Then Aubry-Pasteur burst out laughing: "Egad," said he, "I must tell you what they do at the establishment. You know they catch a spring like a bird in a kind of snare, or rather in a bell. That's what they call coaxing it. Now last year here is what happened to the spring that supplies the baths. The carbonic acid, lighter than water, was stored up to the top of the bell; then, when it was collected there in a very large quantity, it was driven back into the ducts, reascended in abundance into the baths, filled up the compartments, and all but suffocated the invalids. We have had three accidents in the course of three months. Then they consulted me again, and I invented a very simple apparatus consisting of two pipes which led off separately the liquid and the gas in the bell in order to combine them afresh immediately under the bath, and thus to reconstitute the water in its normal state while avoiding the dangerous excess of carbonic acid. But my apparatus would have cost a thousand francs. Do you know what the custodian does then? I give you a thousand guesses to find out. He bores a hole in the bell to get rid of the gas, which flies out, you understand, so that they sell you acidulated baths without any acid, or so little acid that it is not worth much. Whereas here, why just look!"
Everybody became indignant. They no longer laughed, and they cast envious looks toward the paralytic. Every bather would gladly have seized a pickax to make another hole beside that of the vagabond. But Andermatt took the engineer's arm, and they went off chatting together. From time to time Aubry-Pasteur stopped, made a show of drawing lines with his walking-stick, indicating certain points, and the banker wrote down notes in a memorandum-book.

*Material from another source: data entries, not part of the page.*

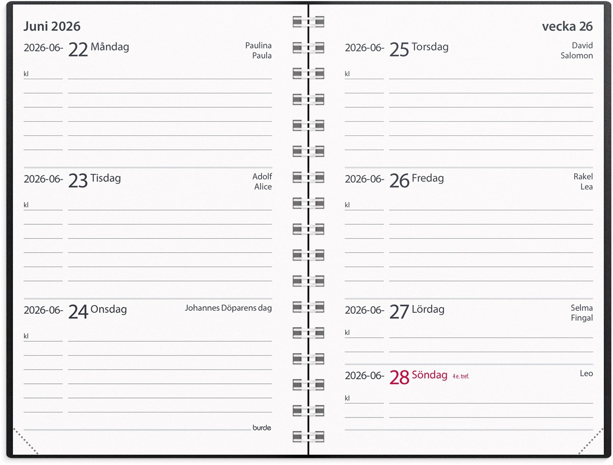 Mått: 12 x 135 x 90 mm. Layout: Vecka/uppslag. Liggande. Kalendarium: 2026-06-01 - 2027-07-11. Omslag: Plast. Spiralbunden. Innehåll: Kyrkliga helgdagar, flaggdagar, helgdagar/aftnar, månfaser, namnsdagar, temadagar/händelser, årsöversikt/årsöversikter, årsplan/årsplaner, atlas, faktasidor, anteckningshäfte, schema, provresultat. Antal sidor: 160. Miljöinformation: FSC®.
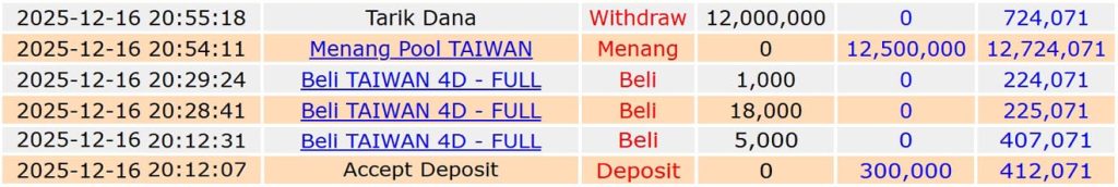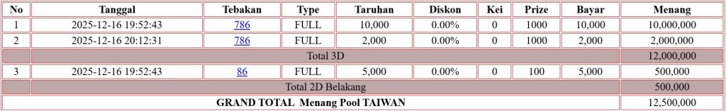 Selamat kepada User ID IKR*** telah mendapatkan kemenangan besar di TOGEL { TAIWAN } Rp. 12.000.000 LUNAS dan SAH !!!
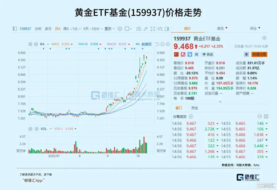 Core Insights - Since 2025, international gold prices have surged significantly, surpassing expectations set by major investment banks like Goldman Sachs, with prices nearing $4500 per ounce [1][3] - The gold ETF has seen a remarkable year-to-date increase of over 59%, outperforming many other asset classes [1][10] - Despite recent volatility due to geopolitical events and economic factors, the demand for gold assets remains strong, indicating a bullish sentiment in the market [3][14] Gold Market Performance - As of October 21, 2025, international gold futures closed at $4398 per ounce, marking a 3.82% increase [6] - The SPDR Gold Trust (GLD) saw a net inflow of $40.81 billion, making it one of the most actively traded assets in the U.S. stock market [9] - In the domestic market, gold-themed ETFs have grown from 730.53 billion yuan at the beginning of the year to 2361.31 billion yuan, reflecting a 223% increase [10] Individual Stock Performance - Nearly 20 gold-related stocks in the A-share market have doubled in value this year, with Zijin Mining's market capitalization increasing by 105.6% to nearly 800 billion yuan [12] - Specific stocks such as Zhaojin Mining and Western Gold have shown significant price increases, with Zhaojin Mining's price rising by 241.81% [13] Factors Driving Gold Prices - Recent geopolitical tensions, including the Russia-Ukraine conflict and U.S. government shutdown, have heightened market volatility, leading to increased demand for gold as a safe-haven asset [14][15] - The expectation of further interest rate cuts by the Federal Reserve has also contributed to the bullish outlook for gold, with a 99% probability of a rate cut next week [14][15] Central Bank Trends - Global central banks have been increasing their gold reserves, with a reported value of approximately $4.5 trillion, surpassing U.S. Treasury holdings [17] - China's central bank has consistently increased its gold reserves, reaching 7406 million ounces as of September 2025 [19] Investment Opportunities - Analysts predict that gold prices could reach $5000 per ounce by 2026, indicating potential for further appreciation [20] - For ordinary investors, gold ETFs are recommended as a convenient and low-risk method to gain exposure to gold, with the SPDR Gold ETF being a notable example [21][22]
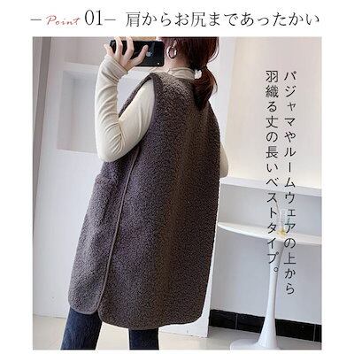 ベスト ロング アウター レディース 春 ボア フリース ジャケット ノースリーブ フェイクフリース チョッキ ジレ 防寒 前開き 重ね着 コート レイヤード風
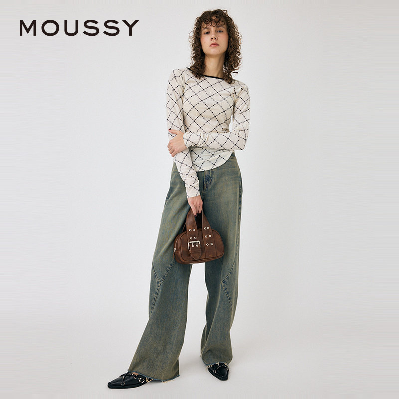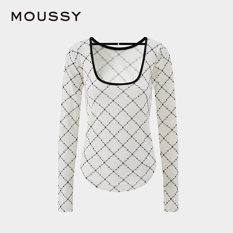 moussy 秋季复古港风设计感菱格纹内搭上衣010HAA80-8561
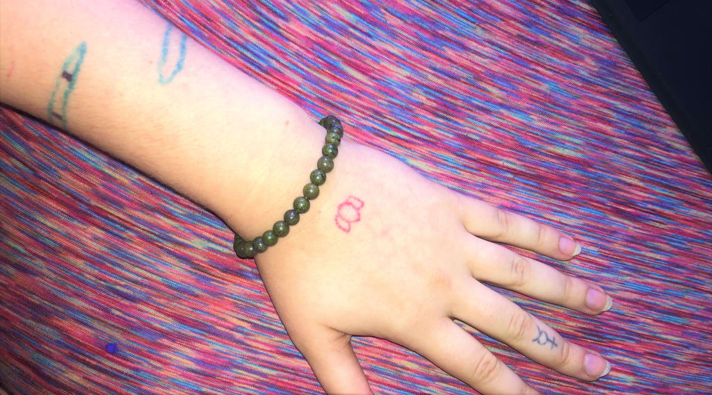 More than a year has passed since this interaction. I visited Eie at her rehab center. The bus ride back to the bay stank of toilet sewers and I kept my nose buried in a swatch of fabric scented with lavender oil. Eie is more than a year sober now and is doing great. I left the abusive relationship I had entered after we stopped talking. Now I have a healthy partnership, my own apartment, and am going back to school with plans to join the health care industry and help other people get through their own metaphysical problems. I am getting a tattoo gun soon to continue drawing inspiring symbols on skin to help us reclaim our bodies and appreciate the abundant bounty earth and life have to offer.
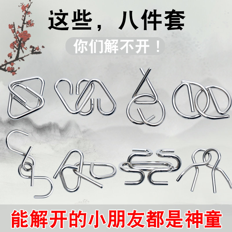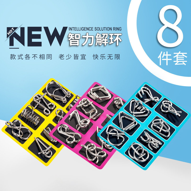 Eight-piece set of unclip intelligence unclip puzzle ring lock unclip student adult full set of iron ring unclip set toy
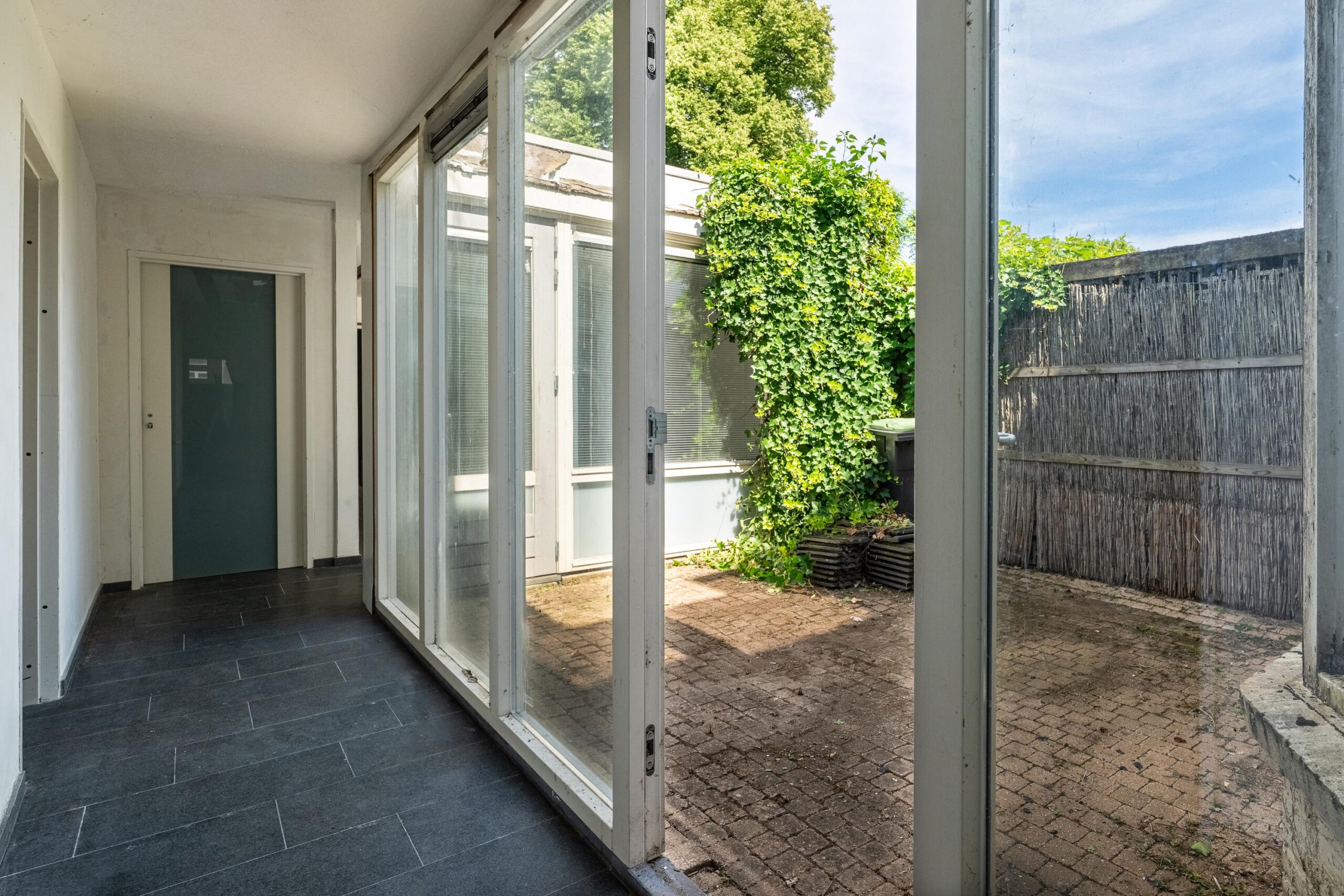 Via de verdeelhal – met een karakteristieke lichtstraat – bereikt u de eerste besloten patio. Hieraan grenzen onder meer een bijkeuken met witgoedaansluiting, een separaat tweede toilet en een aparte cv-ruimte.
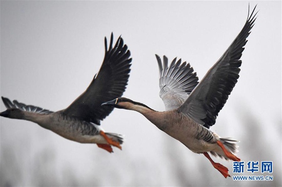 11月29日,候鳥在江西鄱陽湖南磯濕地國家級自然保護(hù)區(qū)飛翔。近日,大批南遷候鳥飛抵鄱陽湖棲息越冬。
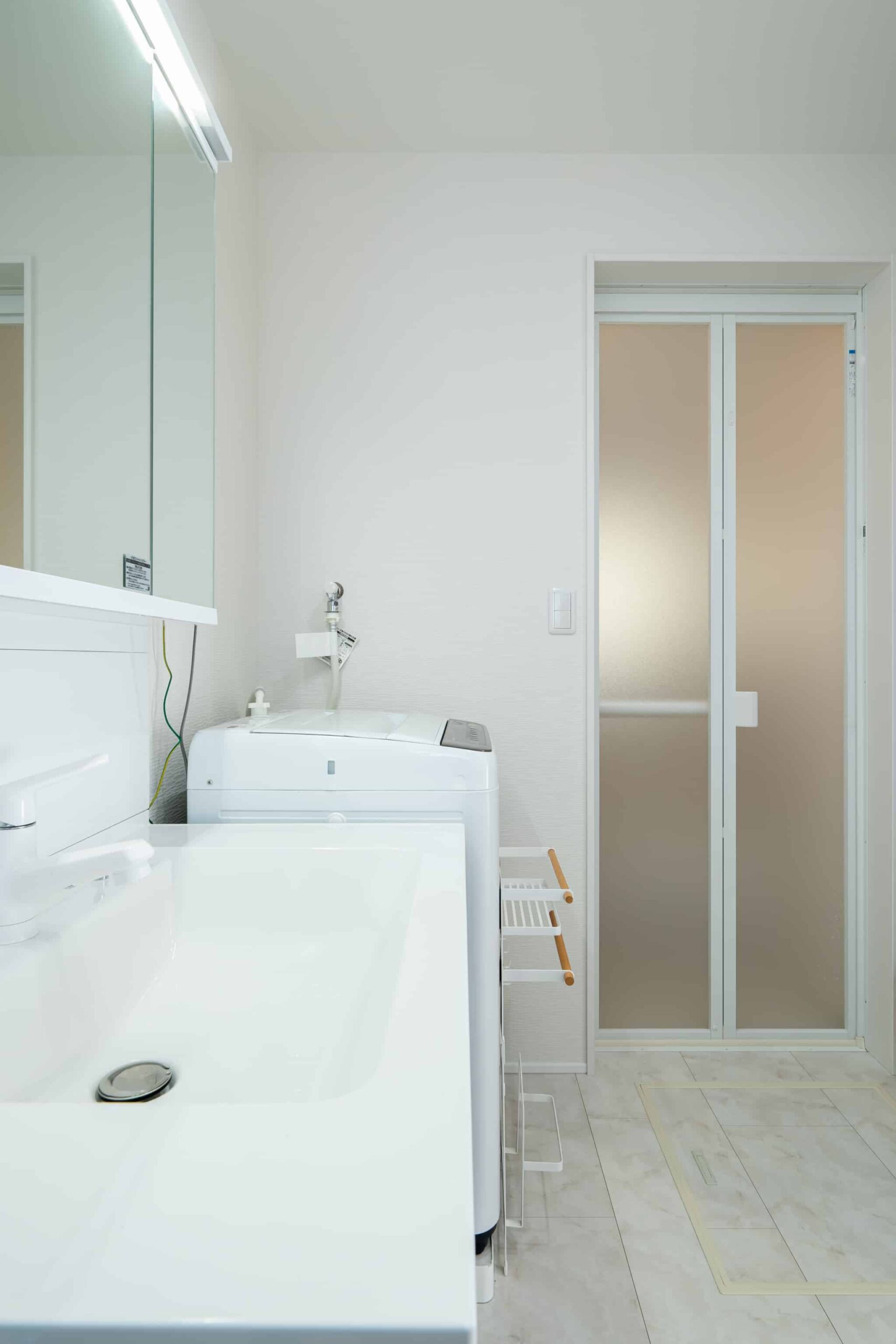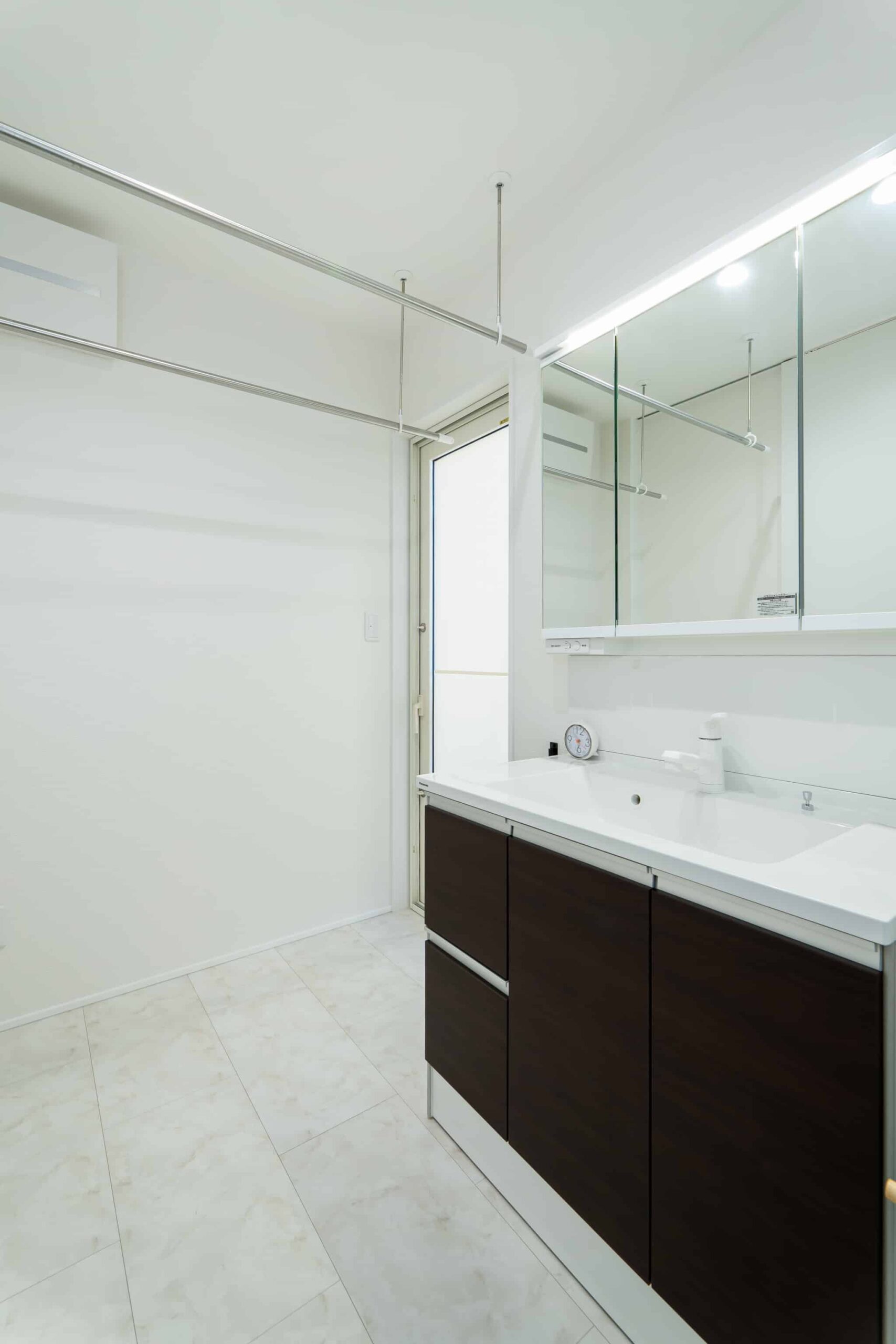 洗面台には、収納を兼ね備えた3つの鏡を配置。家族が順番を気にせず、同時に使える設計です。広々としたランドリールームには物干し竿を設置し、室内干しも可能となっています。
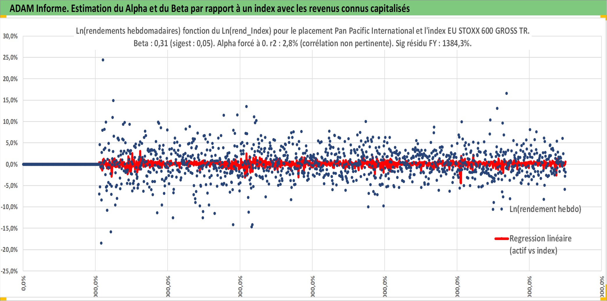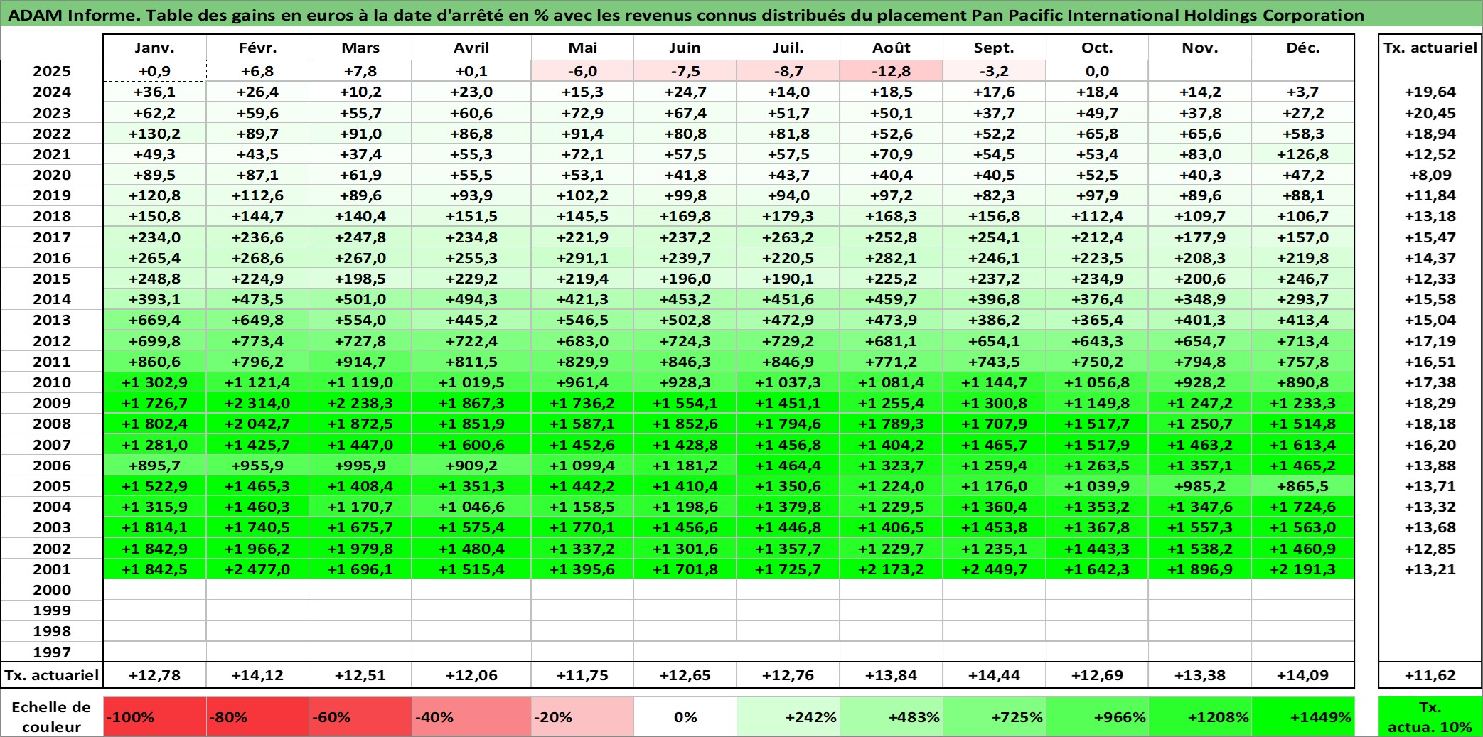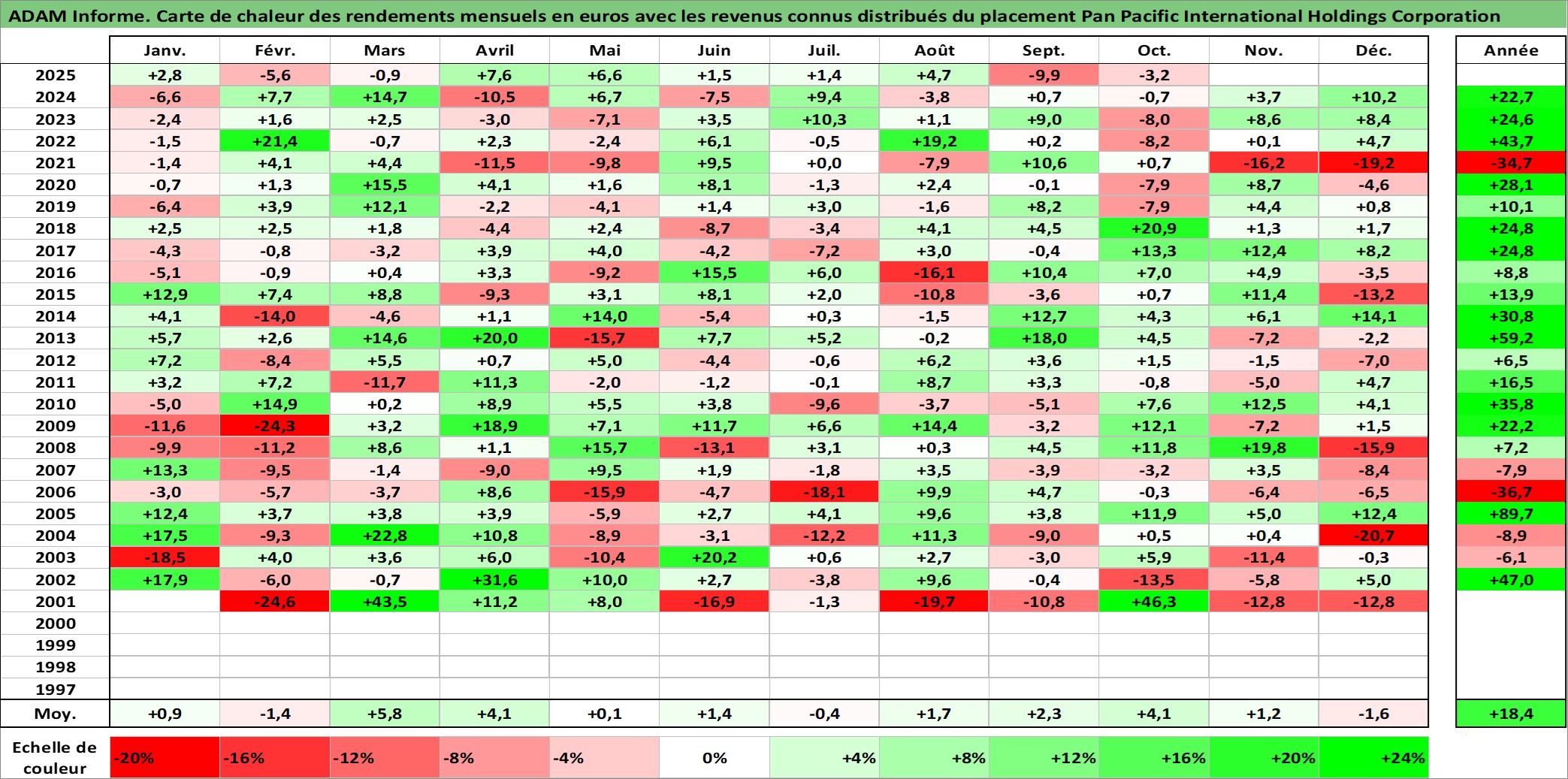 Site dédié aux investisseursPage dédiée sur site financeAnalyse des valorisations hebdomadaires de l'action Pan Pacific International Holdings Corporation. Cet actif est cote en JPY. Les valorisations sont en contrevaleur EURO et couvrent les semaines 2001W02 a 2025W40. Les revenus de cet actif financier sont pris en compte depuis la semaine 2001W26. La note globale ESG de cet actif est estimee a 11.0 (apres rebasage entre 0 et 20).

Christiane and Paul Bretigny entered into conversation. He told her about his journey to Auvergne, and all that he had seen and experienced. He loved the country, with those warm instincts of his, with which always mingled an element of animality. He had a sensual love of nature because it excited his blood, and made his nerves and organs quiver. He said: "For my part, Madame, it seems to me as if I were open, so that everything enters into me, everything passes through me, makes me weep or gnash my teeth. Look here! when I cast a glance at that hillside facing us, that vast expanse of green, that race of trees clambering up the mountain, I feel the entire wood in my eyes; it penetrates me, takes possession of me, runs through my whole frame; and it seems to me also that I am devouring it, that it fills my being—I become a wood myself!"
He laughed, while he told her this, strained his big, round eyes, now on the wood, now on Christiane; and she, surprised, astonished, but easily impressed, felt herself devoured also, like the wood, by his great avid glance.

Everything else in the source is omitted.